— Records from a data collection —
****************

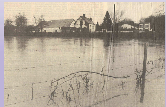
A FERRIERE-LA-PETITE ,décembre 1993
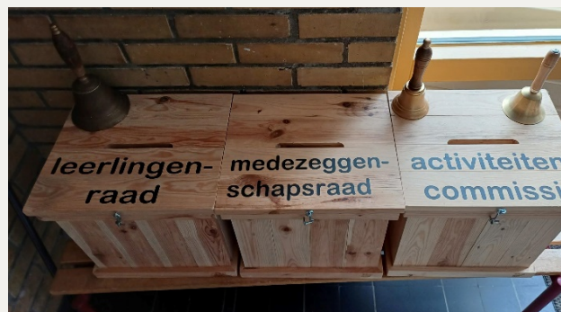
Brievenbussen van de verschillende commissies.

Heeft u suggesties voor één van onze commissies dan kan dat per brievenbus of bij de commissieleden aangegeven worden. De brievenbussen staan bij de hoofdingang.
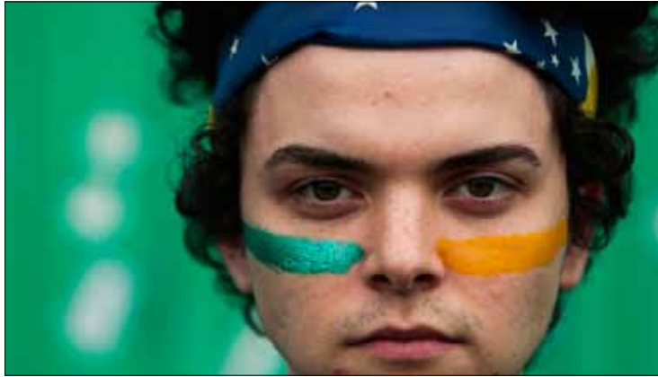
أحد المتظاهرين في مدينة ساو باولو أمس

في أكبر تظاهرات تهرّها منذ 21 عاماً، شهدت البرازيل أمس مسيرات شعبية استمرت لأكثر من سبع ساعات في عدد من المدن ولا سيما في ريو دي جانيرو. وانطلقت التظاهرات التي ضمت حوالي 200 ألف متظاهر بشكل سلمي، في مختلف أنحاء البلاد احتجاجاً على زيادة أسعار النقل العام والنفقات الطائلة التي تصرف تحضيراً لكأس العالم لكرة القدم الذي تستضيفه البرازيل العام المقبل. وشارك في تظاهرة ريو دي جانيرو (وهي الأضخم) حوالي مئة ألف شخص ولكنها تحولت في المساء إلى أعمال شغب وعنف. وهاجم عشرات المتظاهرين برلمان ولاية ريو قبل أن تتمكن شرطة مكافحة الشغب من تفريقها خلال الليل. وقام عناصر القوة الضاربة في الشرطة العسكرية، الذين وصلوا إلى الموقع في أليات مدرعة، بإطلاق القنابل المسيلة للدموع والرصاص المطاطي على مجموعة المهاجمين واعتقلوا عدداً منهم. وألقى المتظاهرون الزجاجات الحارقة والحجارة على المبنى وحاول بعضهم التسلسل من نوافذه. وقام هؤلاء بإحراق سيارة ومستوعبات للنفايات وتحطيم واجهات مصارف وأجهزة الصرف الآلي ونهب متاجر فيما كان متظاهرون آخرون يصيحون بهم «أيها اللصوص! لا نريد أعمال تخريب!». وأصيب
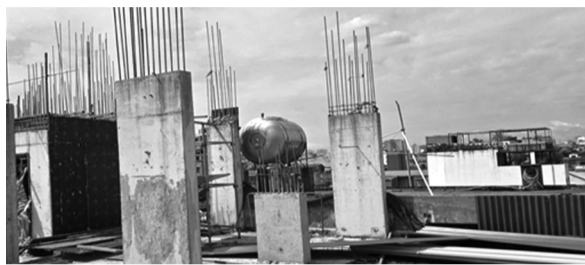
● Công trình đã xây đến mái tầng 6, có nhiều cột bê tông cốt thép chừa.
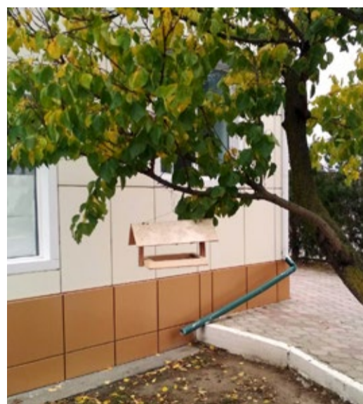
Старт акции дали в Тарумовском ЛПУМГ

В Синичкин день жители разных населенных пунктов страны готовятся к встрече «зимних гостей» – птиц, остающихся на зимовку в наших краях: синиц, воробьев, голубей, соек и других. Люди делают и развешивают кормушки, заготавливают для них подкормку, в том числе и «синичкины лакомства»: несоленое сало, нежареные семечки тыквы, подсолнечника или арахиса.
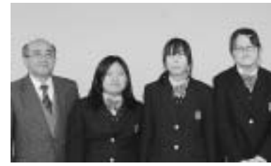
学校法人苦小牧学園 苦小牧高等商業学校 ボランティア部

昭和29年5月の部設立以来、障がい者や高齢者との交流、校外清掃など各種ボランティアを実施。半世紀以上にわたる活動を継続し、福祉のまちづくりに貢献する。
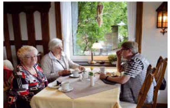
Im Gasthof Bräutigam Hanses, Schanze
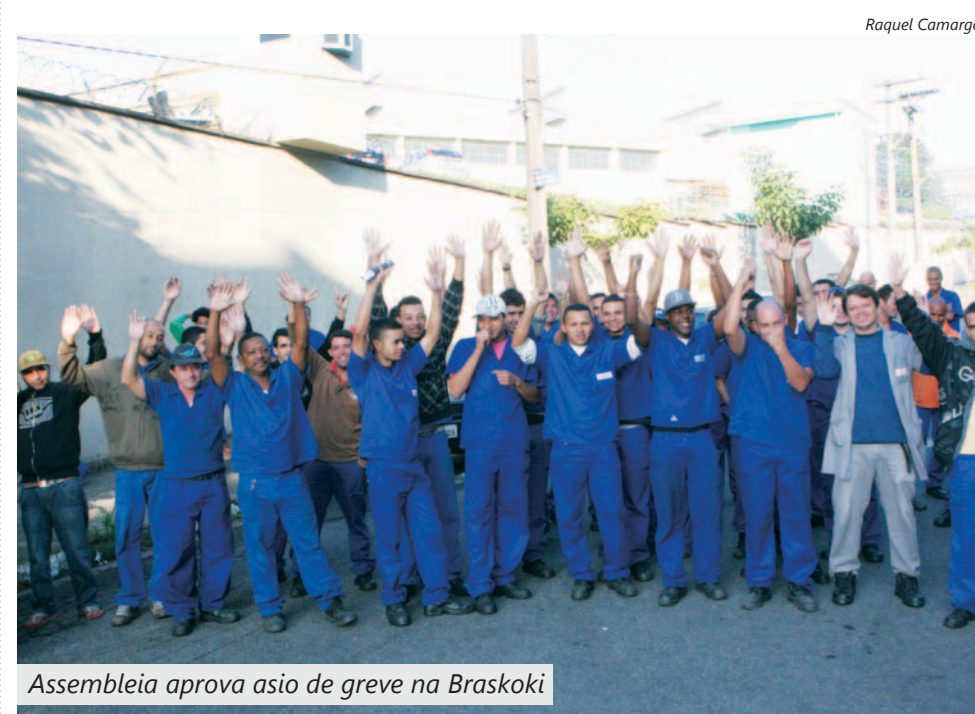
Assembleia aprova asio de greve na Braskoki

Companheiros em duas empresas na base aprovaram ontem em assembleia avisos de greve por melhores propostas de PLR.
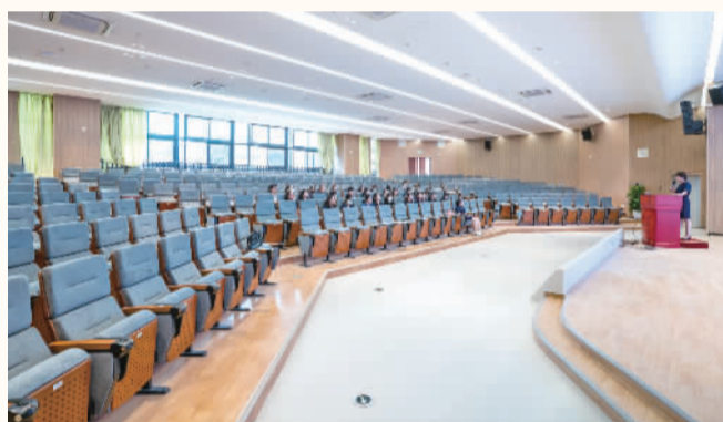
■舒适优雅的报告厅。
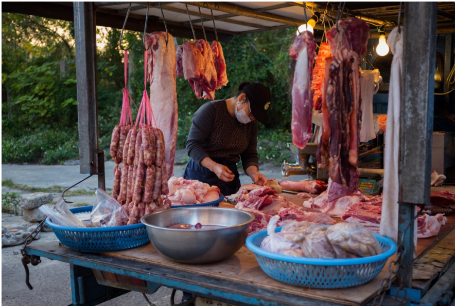
由於豬肉不能長期曝曬於陽光下，因此載著豬肉的卡車會挑選較為陰涼的地方停靠、販賣。攤販也會利用黃色的燈泡來照射吊掛的豬肉，讓它顯得更更有光澤。
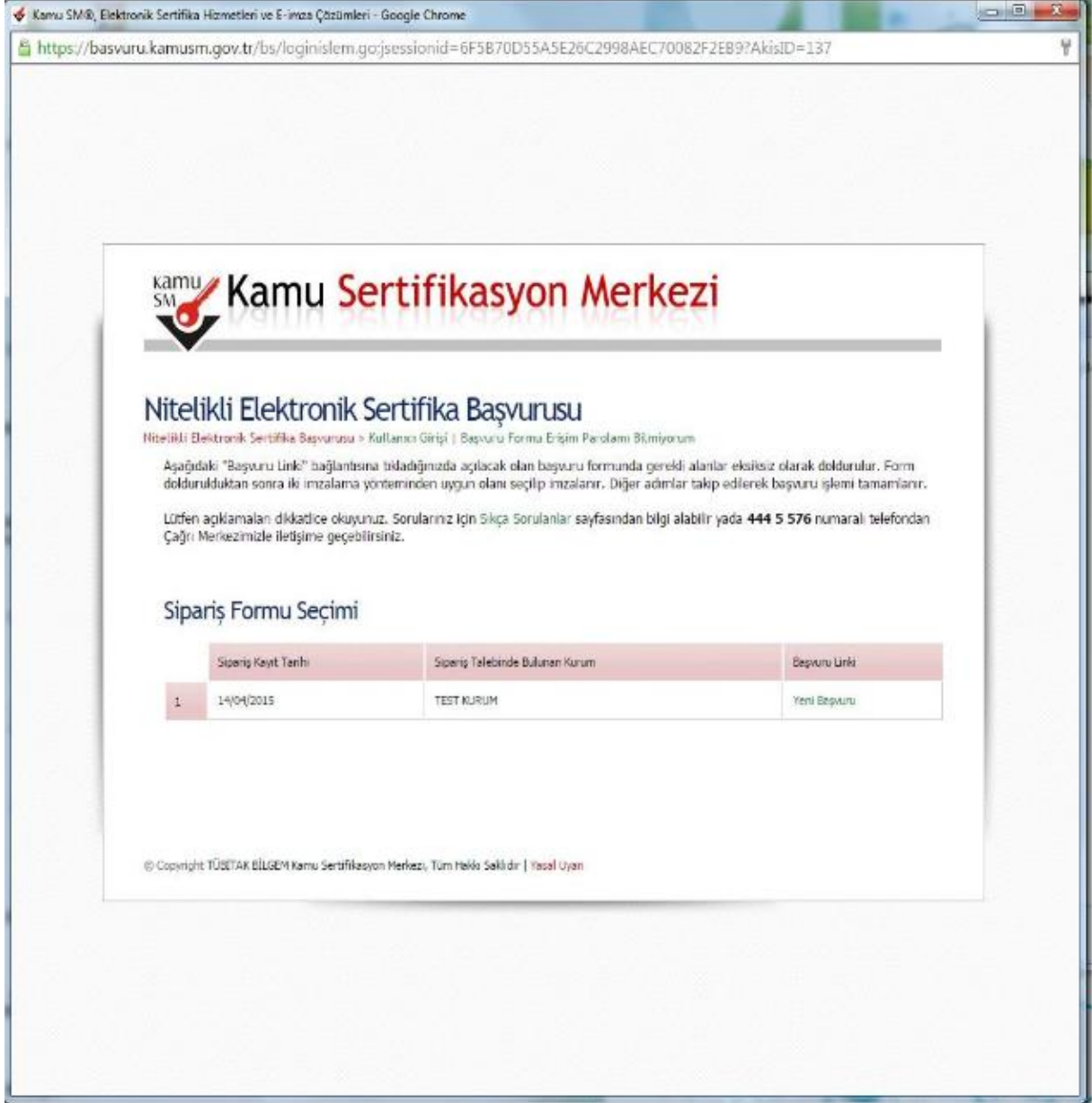
Şekil 5 Sipariş Formu Seçimi

Doğru bilgilerle, kullanıcı girişi yapıldığında "Sipariş Formu Seçimi" ekranı gelmektedir. İlk defa Nitelikli Elektronik Sertifika başvurusunda bulunmak için gelen listede "Yeni Başvuru" linkine tıklanmalıdır. Eğer daha önce form doldurulmuş ise ve güncelleme yapmak gerekiyorsa "Önceki Başvuru" linkine tıklanmalıdır. (Bkz. Şekil 5)

****************

— Activity —
Lines in the records that hold "commissies" should be tallied, with the total given on its own.

— Completed task —
2